# Sparse graph tutorial¶

The sparse graph is a special implementation of a graph with integer vertices and edges. It has two main restrictions which are:

• the graph is unmodifiable and thus needs to be bulk-loaded,

• the vertices and edges are integers continously numbered in $$[0, n)$$ and $$[0, m)$$ where $$n$$ and $$m$$ are the total number of vertices and edges respectively.

These two restrictions are translated to two main benefits which are:

• the graph has small memory footprint, and

• the graph is usually much faster, mostly due to its cache-friendly representation on modern machines.

From the above discussion it should be clear that they are best suited for static workloads where the user needs to load a graph and run (once or multiple times) some complex algorithm. Note also that bulk-loading a sparse graph is usually much faster than adding edges one by one in the default graph.

## Creating a sparse graph¶

Sparse graphs must be bulk-loaded using edge lists.

>>> import jgrapht
>>> edgelist = [(0, 1), (0, 2), (0, 3), (1, 3), (2, 3), (2, 4), (2, 5), (0, 4), (2, 6)]
>>> g = jgrapht.create_sparse_graph(edgelist, 7, directed=True, weighted=False)

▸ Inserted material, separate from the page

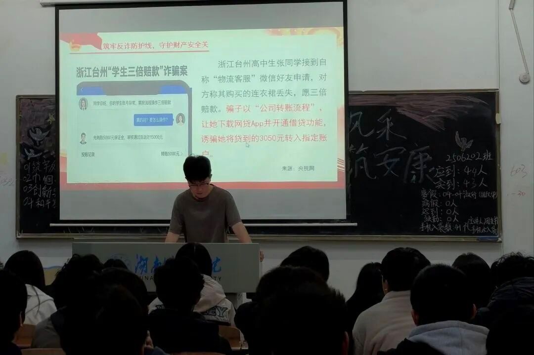 管理学院2504501班团支部潘熙淼同学在参加完本次政治学习活动后表示:“本次学习让我在筑牢反诈防线中践行两会守护民生的要求。当前电信诈骗手段隐蔽,危害群众财产安全,作为青年,我会牢记‘三不一多’原则,安装反诈APP,主动向身边人普及反诈知识,共同筑牢安全防线,以点滴行动守护人民群众的切身利益,践行人民至上的理念。”

The first parameter is the list of tuples (u,v). In case a weighted graph is requested, then the tuples must be (u,v,weight). Note that while sparse graphs are unmodifiable w.r.t. their structure, the edge weights can be modified. The second parameter is the number of vertices in the graph. Vertices always start from zero and increase continously. If the user does not provide one, then it will be deduced by reading the edge list. Finally, the sparse graph representation always allows self-loops and multiple-edges.